# First salt bar



## spenny92 (Jul 13, 2015)

I've read and heard lots about salt bars, and I'd like to try and make my first one soon. Purely because I'm waiting on an order arriving before I can start any other batches, plus the supermarket is all out of lard so all I have is coconut oil and a little bit of some other oils.

Can anyone share their recipes? I'll modify it to suit what I have, which is coconut oil, castor, olive pomace, sweet almond and rice bran. I was thinking of around 80-90% coconut and superfatting at 20%. What should I make up the rest of the oils with? And how much salt should I be using? I have regular table salt - will that be okay?

Finally, is it okay to use a regular loaf mould? I don't like the individual bar moulds I have. I've read that I'll need to cut it as soon as it sets up. If I use coconut milk or some other kind of milk, I'll probably freeze it to stop overheating - will this be an issue with cutting or unmoulding? Sorry for all the questions, I just want to get it right!

Thanks!


----------



## Relle (Jul 13, 2015)

Previous threads for you to read

http://www.soapmakingforum.com/showthread.php?t=8524
http://www.soapmakingforum.com/showthread.php?t=45159
http://www.soapmakingforum.com/showthread.php?t=55002&highlight=salt+bars

Type in salt bars into the search engine and see what comes up and read.


----------



## jadelilly (Jul 13, 2015)

I made 100% coconut oil with 25% superfat and 40% salt and love it so far.
I made it in a loaf mold (plastic box lined with parchment paper) and cut within 2 hours. Worked well for me.


----------



## KristaMarie (Jul 13, 2015)

I wouldn't do much less than 80% coconut oil and the rest is up to you. I wouldn't recommend a butter, as I've found they decrease lather in salt bars more than non-salt bars. 
I typically use 100% salt, meaning just as much salt as oils. I think table salt is ok as long as it's not iodized? I just use sea salt.

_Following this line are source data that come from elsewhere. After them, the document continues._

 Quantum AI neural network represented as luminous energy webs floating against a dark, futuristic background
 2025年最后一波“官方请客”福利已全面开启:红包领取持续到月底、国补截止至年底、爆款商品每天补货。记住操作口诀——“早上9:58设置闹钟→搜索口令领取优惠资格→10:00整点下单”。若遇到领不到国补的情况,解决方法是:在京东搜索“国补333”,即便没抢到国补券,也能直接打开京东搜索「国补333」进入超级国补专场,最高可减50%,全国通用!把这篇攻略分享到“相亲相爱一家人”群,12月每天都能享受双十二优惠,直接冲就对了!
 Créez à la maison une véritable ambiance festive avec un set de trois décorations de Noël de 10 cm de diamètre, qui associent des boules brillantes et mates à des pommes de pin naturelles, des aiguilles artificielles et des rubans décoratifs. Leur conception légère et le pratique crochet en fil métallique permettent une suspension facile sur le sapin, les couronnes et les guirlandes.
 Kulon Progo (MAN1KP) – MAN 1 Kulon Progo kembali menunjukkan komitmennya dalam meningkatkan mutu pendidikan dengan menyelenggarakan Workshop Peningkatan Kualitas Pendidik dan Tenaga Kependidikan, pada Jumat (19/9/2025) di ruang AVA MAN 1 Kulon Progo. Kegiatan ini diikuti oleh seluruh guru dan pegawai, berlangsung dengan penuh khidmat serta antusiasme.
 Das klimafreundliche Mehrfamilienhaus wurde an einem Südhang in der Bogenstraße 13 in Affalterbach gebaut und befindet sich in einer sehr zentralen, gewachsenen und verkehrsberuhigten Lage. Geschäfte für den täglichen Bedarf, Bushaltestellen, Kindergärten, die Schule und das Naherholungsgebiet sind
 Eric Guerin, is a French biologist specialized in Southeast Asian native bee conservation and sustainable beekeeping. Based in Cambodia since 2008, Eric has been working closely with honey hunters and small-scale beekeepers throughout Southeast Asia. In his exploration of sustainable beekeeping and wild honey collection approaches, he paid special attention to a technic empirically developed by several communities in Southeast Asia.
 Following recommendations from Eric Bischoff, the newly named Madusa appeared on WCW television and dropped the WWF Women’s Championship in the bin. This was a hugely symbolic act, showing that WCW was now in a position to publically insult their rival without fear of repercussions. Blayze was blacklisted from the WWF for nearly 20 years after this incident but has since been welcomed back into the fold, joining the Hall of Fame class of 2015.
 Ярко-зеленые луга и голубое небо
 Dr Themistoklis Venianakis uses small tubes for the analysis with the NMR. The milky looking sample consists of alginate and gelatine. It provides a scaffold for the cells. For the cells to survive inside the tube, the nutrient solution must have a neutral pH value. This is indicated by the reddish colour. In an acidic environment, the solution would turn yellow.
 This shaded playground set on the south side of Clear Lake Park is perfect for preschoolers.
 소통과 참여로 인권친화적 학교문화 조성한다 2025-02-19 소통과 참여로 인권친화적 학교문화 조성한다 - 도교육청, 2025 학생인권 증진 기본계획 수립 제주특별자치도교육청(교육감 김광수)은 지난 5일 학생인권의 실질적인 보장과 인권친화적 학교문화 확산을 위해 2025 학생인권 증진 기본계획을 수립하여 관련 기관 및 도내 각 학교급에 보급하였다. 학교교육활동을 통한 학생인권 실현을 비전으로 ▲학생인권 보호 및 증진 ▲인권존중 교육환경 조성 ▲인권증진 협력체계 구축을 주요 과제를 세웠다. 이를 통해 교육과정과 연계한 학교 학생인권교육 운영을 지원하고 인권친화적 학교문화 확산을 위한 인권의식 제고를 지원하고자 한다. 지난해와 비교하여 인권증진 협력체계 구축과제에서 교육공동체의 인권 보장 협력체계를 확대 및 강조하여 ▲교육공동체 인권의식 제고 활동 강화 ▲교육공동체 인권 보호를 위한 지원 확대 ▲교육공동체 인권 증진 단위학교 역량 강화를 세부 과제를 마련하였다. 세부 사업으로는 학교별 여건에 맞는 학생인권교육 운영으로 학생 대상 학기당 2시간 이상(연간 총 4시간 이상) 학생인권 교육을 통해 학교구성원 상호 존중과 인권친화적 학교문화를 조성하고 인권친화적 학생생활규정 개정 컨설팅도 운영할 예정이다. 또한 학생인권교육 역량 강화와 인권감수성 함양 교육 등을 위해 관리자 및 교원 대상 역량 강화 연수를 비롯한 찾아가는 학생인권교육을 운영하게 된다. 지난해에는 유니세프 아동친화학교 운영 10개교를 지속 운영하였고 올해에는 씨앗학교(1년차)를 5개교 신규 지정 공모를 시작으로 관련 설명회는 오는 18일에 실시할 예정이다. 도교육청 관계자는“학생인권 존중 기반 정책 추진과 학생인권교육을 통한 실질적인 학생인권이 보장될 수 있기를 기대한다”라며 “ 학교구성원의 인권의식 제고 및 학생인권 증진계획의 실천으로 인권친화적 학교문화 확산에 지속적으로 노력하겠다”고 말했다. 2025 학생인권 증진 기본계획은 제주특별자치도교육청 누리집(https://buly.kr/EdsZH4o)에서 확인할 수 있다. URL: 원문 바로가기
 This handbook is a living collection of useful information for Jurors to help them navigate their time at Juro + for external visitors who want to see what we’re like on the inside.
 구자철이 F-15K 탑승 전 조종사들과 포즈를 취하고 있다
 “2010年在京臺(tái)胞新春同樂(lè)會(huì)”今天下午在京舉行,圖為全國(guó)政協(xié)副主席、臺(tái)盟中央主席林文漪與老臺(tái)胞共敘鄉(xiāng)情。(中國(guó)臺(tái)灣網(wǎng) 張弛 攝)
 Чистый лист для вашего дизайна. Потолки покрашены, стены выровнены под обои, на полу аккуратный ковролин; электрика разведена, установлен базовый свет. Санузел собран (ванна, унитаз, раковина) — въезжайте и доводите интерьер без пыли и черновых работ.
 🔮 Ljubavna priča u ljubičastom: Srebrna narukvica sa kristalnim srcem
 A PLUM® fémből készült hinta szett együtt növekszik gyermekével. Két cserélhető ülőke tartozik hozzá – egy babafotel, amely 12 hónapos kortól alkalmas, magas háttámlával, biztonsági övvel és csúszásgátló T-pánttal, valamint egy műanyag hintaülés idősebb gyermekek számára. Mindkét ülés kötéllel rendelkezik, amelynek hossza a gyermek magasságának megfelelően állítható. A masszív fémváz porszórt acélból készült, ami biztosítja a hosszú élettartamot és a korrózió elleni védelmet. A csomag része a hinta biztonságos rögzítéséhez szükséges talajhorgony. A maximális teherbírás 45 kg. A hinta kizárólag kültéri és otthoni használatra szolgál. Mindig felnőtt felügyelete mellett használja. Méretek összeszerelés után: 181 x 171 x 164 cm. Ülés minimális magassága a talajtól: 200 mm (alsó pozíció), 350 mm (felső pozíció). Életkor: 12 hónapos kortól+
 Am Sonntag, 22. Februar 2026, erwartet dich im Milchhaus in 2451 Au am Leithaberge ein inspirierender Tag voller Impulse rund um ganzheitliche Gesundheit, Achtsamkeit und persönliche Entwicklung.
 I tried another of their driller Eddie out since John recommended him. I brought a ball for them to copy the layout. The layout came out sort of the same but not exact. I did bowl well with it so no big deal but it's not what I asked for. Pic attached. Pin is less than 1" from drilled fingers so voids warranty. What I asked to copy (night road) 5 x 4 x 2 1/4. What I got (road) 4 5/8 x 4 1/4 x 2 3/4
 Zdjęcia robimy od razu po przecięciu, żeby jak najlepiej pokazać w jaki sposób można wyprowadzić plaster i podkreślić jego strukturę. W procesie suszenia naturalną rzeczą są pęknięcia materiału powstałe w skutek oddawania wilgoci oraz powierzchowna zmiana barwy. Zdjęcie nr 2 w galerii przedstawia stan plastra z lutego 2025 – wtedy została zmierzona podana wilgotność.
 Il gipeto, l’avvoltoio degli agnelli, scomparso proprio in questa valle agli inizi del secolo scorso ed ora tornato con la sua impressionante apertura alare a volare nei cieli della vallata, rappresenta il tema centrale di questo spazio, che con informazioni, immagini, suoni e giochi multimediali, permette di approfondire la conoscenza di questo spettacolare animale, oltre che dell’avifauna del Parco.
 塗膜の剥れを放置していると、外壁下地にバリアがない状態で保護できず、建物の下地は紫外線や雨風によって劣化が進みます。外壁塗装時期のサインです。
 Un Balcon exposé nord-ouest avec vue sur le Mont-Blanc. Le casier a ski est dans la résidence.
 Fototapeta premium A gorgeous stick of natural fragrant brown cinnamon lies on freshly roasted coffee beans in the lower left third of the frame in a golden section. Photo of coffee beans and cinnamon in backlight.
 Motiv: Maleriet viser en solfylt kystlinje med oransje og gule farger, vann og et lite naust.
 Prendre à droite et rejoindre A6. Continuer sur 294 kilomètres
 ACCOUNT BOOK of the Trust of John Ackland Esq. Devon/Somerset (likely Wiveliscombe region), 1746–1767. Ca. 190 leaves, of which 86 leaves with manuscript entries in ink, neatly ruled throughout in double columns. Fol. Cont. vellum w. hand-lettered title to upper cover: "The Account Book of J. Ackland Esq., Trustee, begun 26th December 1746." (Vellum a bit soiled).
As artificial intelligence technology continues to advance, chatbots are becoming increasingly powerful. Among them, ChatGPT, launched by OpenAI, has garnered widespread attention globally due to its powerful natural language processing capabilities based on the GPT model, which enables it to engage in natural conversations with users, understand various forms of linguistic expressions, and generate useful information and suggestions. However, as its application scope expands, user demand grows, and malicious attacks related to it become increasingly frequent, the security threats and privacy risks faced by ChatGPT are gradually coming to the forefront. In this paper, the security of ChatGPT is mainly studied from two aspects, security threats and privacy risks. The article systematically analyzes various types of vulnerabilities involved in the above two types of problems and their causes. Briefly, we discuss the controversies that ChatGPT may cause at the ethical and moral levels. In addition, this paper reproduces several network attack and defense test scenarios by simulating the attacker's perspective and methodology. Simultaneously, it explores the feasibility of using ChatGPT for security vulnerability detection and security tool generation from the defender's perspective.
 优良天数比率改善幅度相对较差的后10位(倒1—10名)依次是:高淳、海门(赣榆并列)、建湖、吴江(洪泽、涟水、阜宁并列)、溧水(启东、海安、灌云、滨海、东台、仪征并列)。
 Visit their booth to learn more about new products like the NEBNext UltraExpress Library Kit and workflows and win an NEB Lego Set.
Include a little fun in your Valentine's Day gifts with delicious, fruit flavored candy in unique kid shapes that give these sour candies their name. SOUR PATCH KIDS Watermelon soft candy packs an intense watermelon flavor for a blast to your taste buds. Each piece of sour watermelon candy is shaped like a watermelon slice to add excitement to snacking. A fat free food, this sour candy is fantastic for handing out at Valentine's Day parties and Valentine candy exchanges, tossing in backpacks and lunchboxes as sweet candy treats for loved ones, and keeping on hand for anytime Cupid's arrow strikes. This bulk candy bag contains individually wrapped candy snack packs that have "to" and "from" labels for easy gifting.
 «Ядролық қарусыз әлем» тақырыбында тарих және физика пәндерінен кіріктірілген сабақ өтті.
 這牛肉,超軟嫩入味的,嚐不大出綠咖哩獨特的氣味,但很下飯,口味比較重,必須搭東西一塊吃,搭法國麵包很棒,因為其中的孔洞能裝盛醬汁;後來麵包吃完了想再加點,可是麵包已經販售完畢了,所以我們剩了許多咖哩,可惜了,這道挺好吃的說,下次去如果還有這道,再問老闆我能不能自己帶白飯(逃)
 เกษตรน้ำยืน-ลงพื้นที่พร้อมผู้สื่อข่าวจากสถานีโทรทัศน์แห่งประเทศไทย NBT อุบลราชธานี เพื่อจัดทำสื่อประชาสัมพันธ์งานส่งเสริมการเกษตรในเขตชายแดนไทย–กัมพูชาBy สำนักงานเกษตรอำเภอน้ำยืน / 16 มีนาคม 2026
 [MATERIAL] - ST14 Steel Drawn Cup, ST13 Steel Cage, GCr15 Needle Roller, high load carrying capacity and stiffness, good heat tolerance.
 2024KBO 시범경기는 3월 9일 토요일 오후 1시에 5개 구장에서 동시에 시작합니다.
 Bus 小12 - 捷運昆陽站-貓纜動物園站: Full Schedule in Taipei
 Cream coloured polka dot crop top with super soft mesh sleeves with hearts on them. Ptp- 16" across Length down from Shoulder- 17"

I use a regular loaf mold, just keep an eye on it, because it'll probably need to be cut within a few hours depending on your recipe.


----------



## spenny92 (Jul 13, 2015)

KristaMarie said:


> I wouldn't do much less than 80% coconut oil and the rest is up to you. I wouldn't recommend a butter, as I've found they decrease lather in salt bars more than non-salt bars.
> I typically use 100% salt, meaning just as much salt as oils. I think table salt is ok as long as it's not iodized? I just use sea salt.
> 
> I use a regular loaf mold, just keep an eye on it, because it'll probably need to be cut within a few hours depending on your recipe.



Thanks! I think I'm going to do 90% coconut and 10% castor, salt at 50% and superfat at 20%. Do you think it would be best to freeze/refrigerate it as I'm using coconut milk, or just keep an eye out for it overheating? I normally freeze milk soaps, but as this seems to set so quickly I'm thinking maybe it should just be left out in a cool place?


----------



## KristaMarie (Jul 13, 2015)

I've yet to do a salt bar with coconut milk, so I can't say for sure. I can't imagine freezing/refridgerating will cause any harm though


----------



## snappyllama (Jul 13, 2015)

I normally use that exact recipe with full CM substitution and didn't find it getting overly hot when leaving it out on my counter.  Although it was pretty chilly in my house until June, and I haven't made it since it finally warmed up outside.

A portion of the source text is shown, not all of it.